Dataset content START

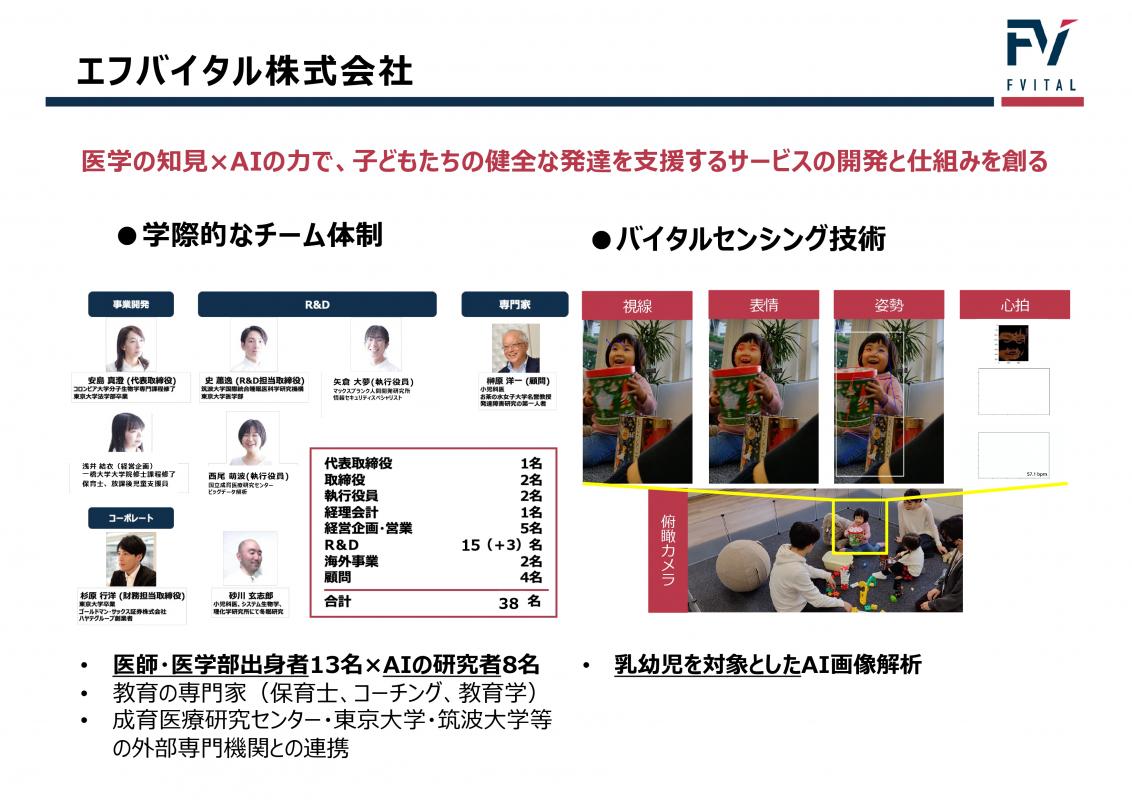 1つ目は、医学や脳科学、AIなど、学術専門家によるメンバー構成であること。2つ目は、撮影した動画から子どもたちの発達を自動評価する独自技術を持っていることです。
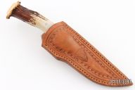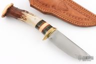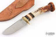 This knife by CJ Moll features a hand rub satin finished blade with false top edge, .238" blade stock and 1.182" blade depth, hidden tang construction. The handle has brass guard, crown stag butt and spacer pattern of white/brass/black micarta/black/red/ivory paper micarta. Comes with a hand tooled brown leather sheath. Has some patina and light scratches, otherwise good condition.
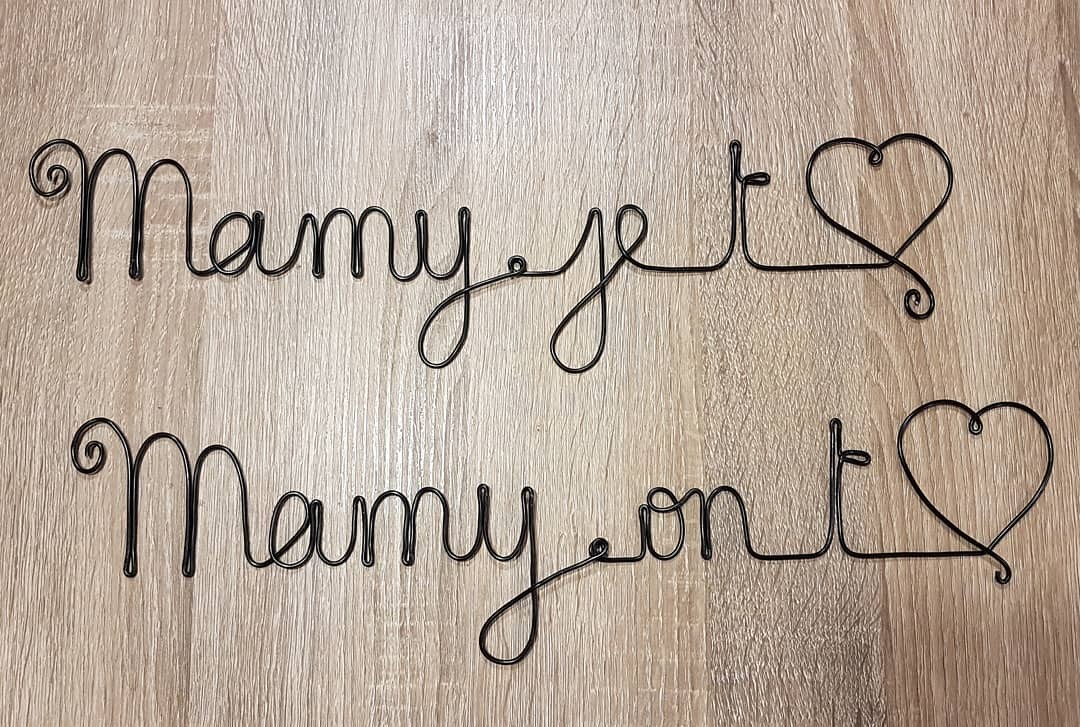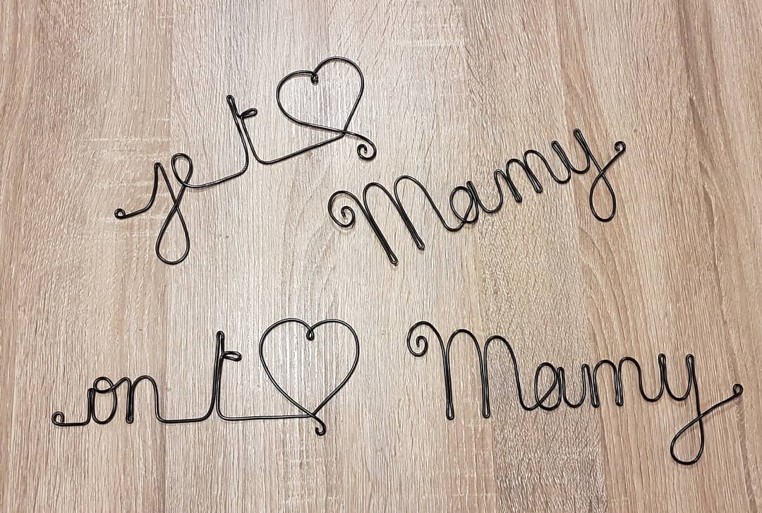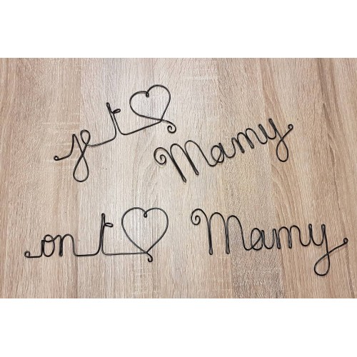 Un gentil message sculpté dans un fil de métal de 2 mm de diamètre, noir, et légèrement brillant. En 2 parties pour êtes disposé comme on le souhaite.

Dataset content END

**Task objective:** Rewrite the data above exactly as given, but omit the images.

**Answer to this problem:**
 1つ目は、医学や脳科学、AIなど、学術専門家によるメンバー構成であること。2つ目は、撮影した動画から子どもたちの発達を自動評価する独自技術を持っていることです。
 This knife by CJ Moll features a hand rub satin finished blade with false top edge, .238" blade stock and 1.182" blade depth, hidden tang construction. The handle has brass guard, crown stag butt and spacer pattern of white/brass/black micarta/black/red/ivory paper micarta. Comes with a hand tooled brown leather sheath. Has some patina and light scratches, otherwise good condition.
 Un gentil message sculpté dans un fil de métal de 2 mm de diamètre, noir, et légèrement brillant. En 2 parties pour êtes disposé comme on le souhaite.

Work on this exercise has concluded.